Task to carry out :: Leave the pictures out and print, word for word, the lines below from the one with "接下去进行拔河比赛,也异常精" through the final line.

Records for the task ::
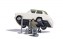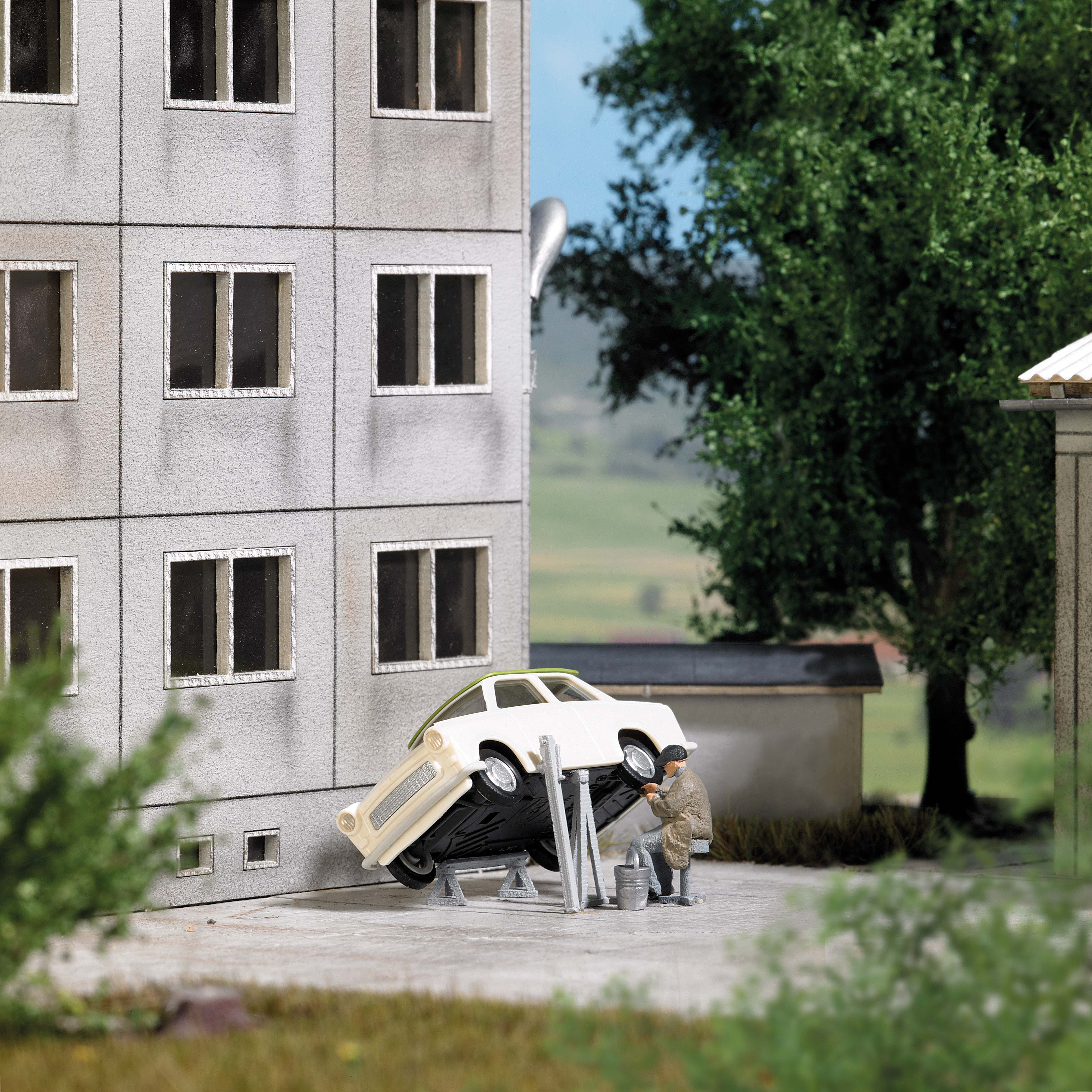 vorzugsweise an Trabant-PKW. Mit Trabant Limousine, sitzendem Monteur, Werkzeugwagen und passenden Werkzeugen.
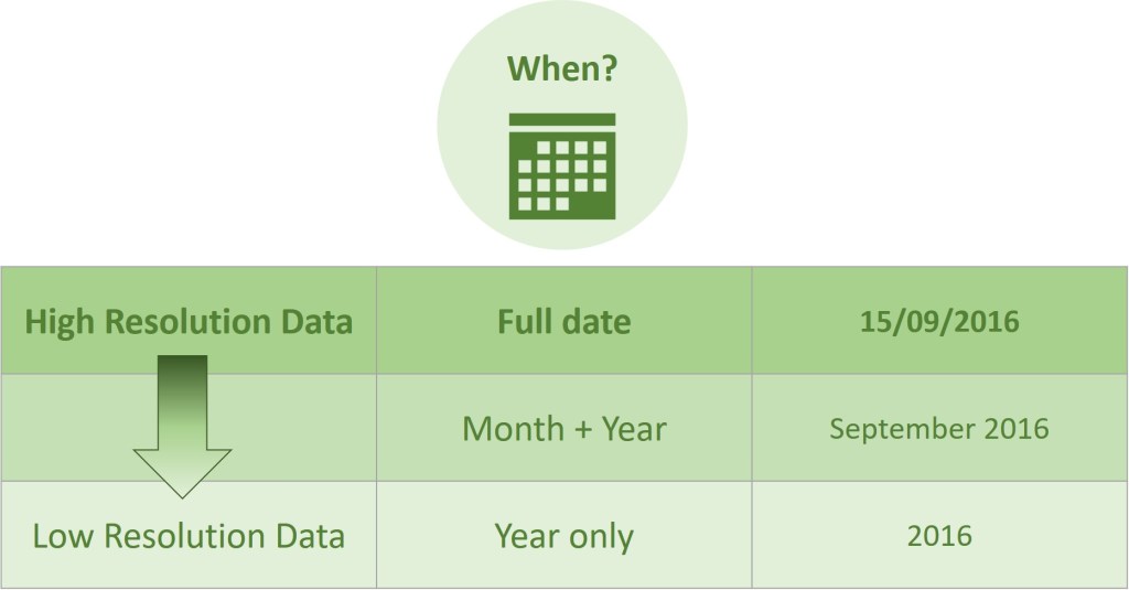 Therefore, the resolution at which data is submitted should never exceed the resolution at which is was recorded. For example, if a recorder wasn’t sure what date a record was made on, they should provide an accurate date range, month or even year rather than guessing the date for the record.
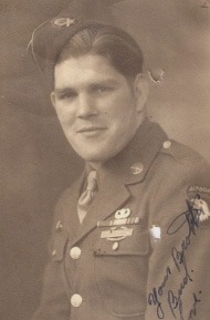 INDUCTED; MAY 10, 1943. SERVED WITH COMPANY D, 327TH GLIDER INFANTRY. HEAVY MACHINE GUNNER, 101ST AIRBORNE. QUALIFIED GLIDER PILOT. BATTLES AND CAMPAIGNS: NORMANDY, ARDENNES, RHINELAND, CENTRAL EUROPE, GLASGOW AND HOLLAND. INJURED BY SHRAPNEL IN THE THIGH; SEPTEMBER 19, 1944. DECORATIONS AND CITATIONS: COMBAT INFANTRYMAN BADGE, GLIDER BADGE, PURPLE HEART, UNIT CITATION, AND EUROPEAN-AFRICAN-MIDDLE EASTERN THEATER MEDAL WITH 4 BRONZE SERVICE STARS AND BRONZE ARROWHEAD.
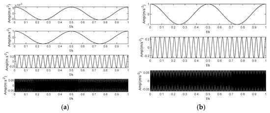The simulated signal for when = 0.2 × randn(•) (normally distributed random numbers) is shown in Figure 11. Here, Figure 11a presents the three original independent signals and noise components, and Figure 11b is their synthetic time-domain waveforms.
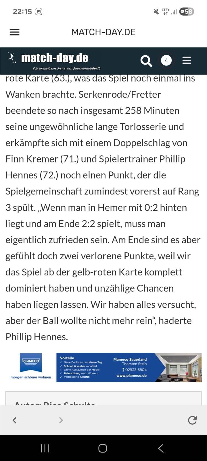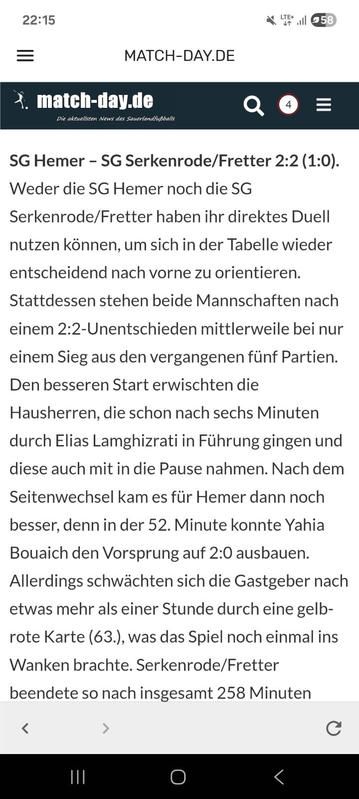 SG Hemer 2:2 (1:0) SG Serkenrode/Fretter
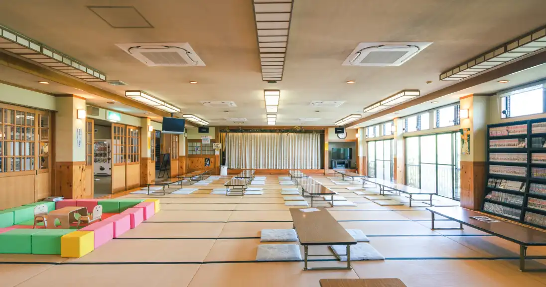 誰でも自由にご利用いただける90畳の大広間。正面の窓からは横瀬川を一望できます。カラオケをはじめ、毎週の定例イベントを多数開催中。イベント詳細はお知らせで随時更新中です。
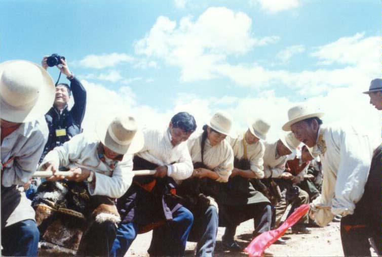 接下去进行拔河比赛,也异常精彩激烈。挥舞着旗子呐喊助威的藏人,躺在地上用身体拖住绳子的喇嘛,上窜下跳的老记,那些我听不懂的加油的叫喊,都令我记忆尤新。
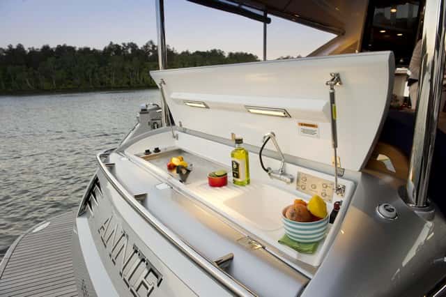 No son pocos los detalles en la Belize 54, como este mueble de servicio en la popa
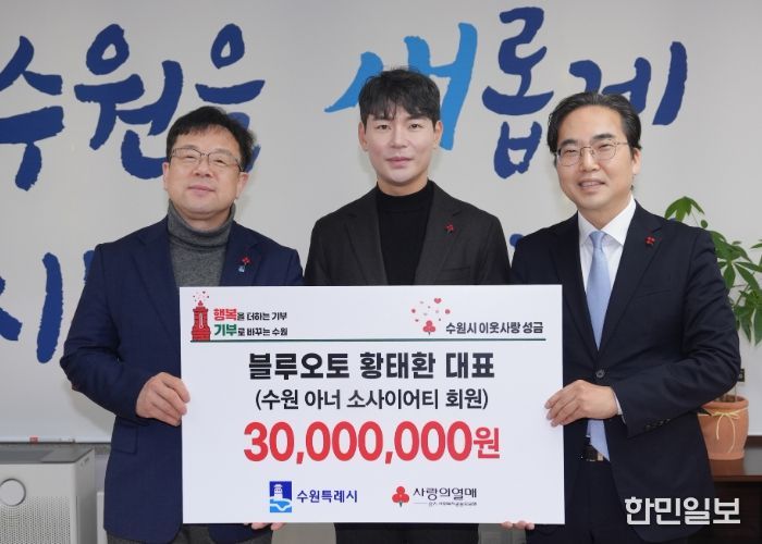 한민일보 서울포커스 진광성 기자 | 황태환 블루오토 대표가 12월 31일 “취약계층 아동 지원에 사용해달라”며 3000만 원을 수원시에 기부했다.
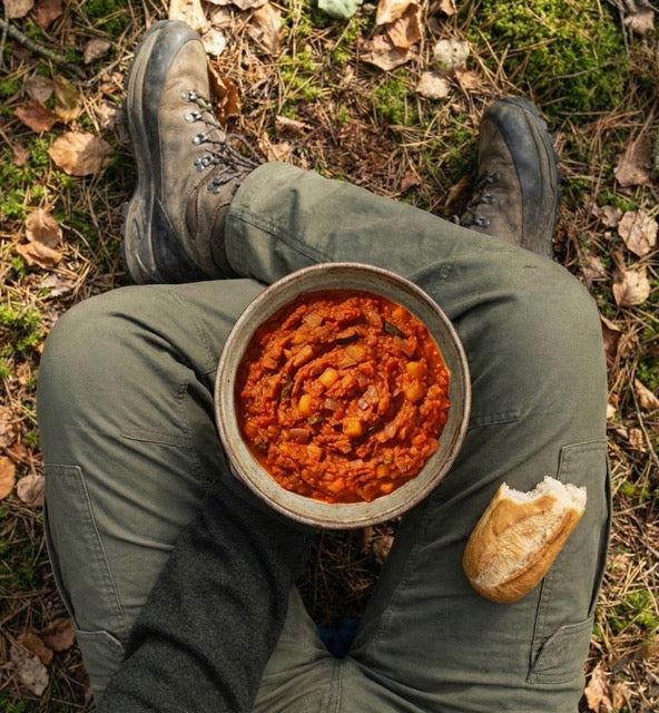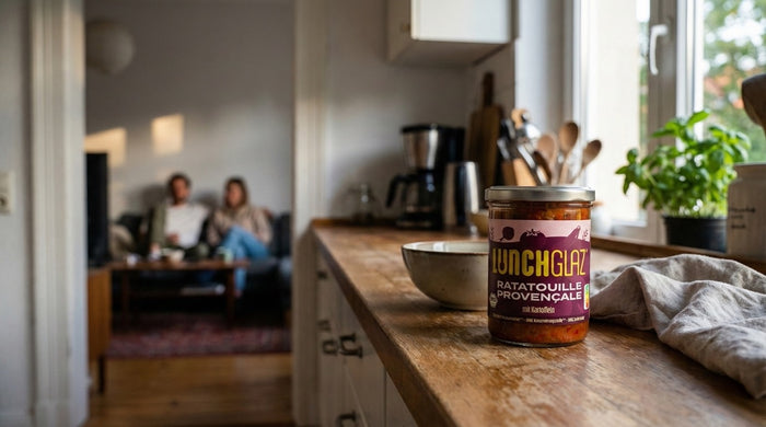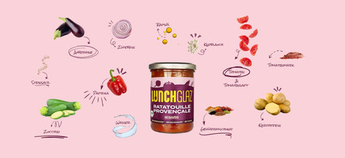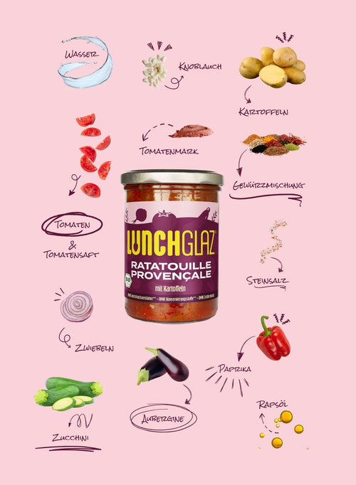 Gemüse* (Tomaten*, 17,2% Kartoffeln*, Paprika*, Zucchini*, Aubergine*, Zwiebeln*, Knoblauch*), Tomatensaft*, Wasser, Rapsöl*, Tomatenmark*, Steinsalz, Gewürzmischung*.
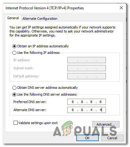 - Inconsistent DNS – Another potential cause that might cause this error is an inconsistent DNS assigned by your ISP. Several affected users facing the same problem have confirmed that the issue was fixed once they’ve migrated their DNS to the range provided by Google.

Worked solution ::
 接下去进行拔河比赛,也异常精彩激烈。挥舞着旗子呐喊助威的藏人,躺在地上用身体拖住绳子的喇嘛,上窜下跳的老记,那些我听不懂的加油的叫喊,都令我记忆尤新。
 No son pocos los detalles en la Belize 54, como este mueble de servicio en la popa
 한민일보 서울포커스 진광성 기자 | 황태환 블루오토 대표가 12월 31일 “취약계층 아동 지원에 사용해달라”며 3000만 원을 수원시에 기부했다.
 Gemüse* (Tomaten*, 17,2% Kartoffeln*, Paprika*, Zucchini*, Aubergine*, Zwiebeln*, Knoblauch*), Tomatensaft*, Wasser, Rapsöl*, Tomatenmark*, Steinsalz, Gewürzmischung*.
 - Inconsistent DNS – Another potential cause that might cause this error is an inconsistent DNS assigned by your ISP. Several affected users facing the same problem have confirmed that the issue was fixed once they’ve migrated their DNS to the range provided by Google.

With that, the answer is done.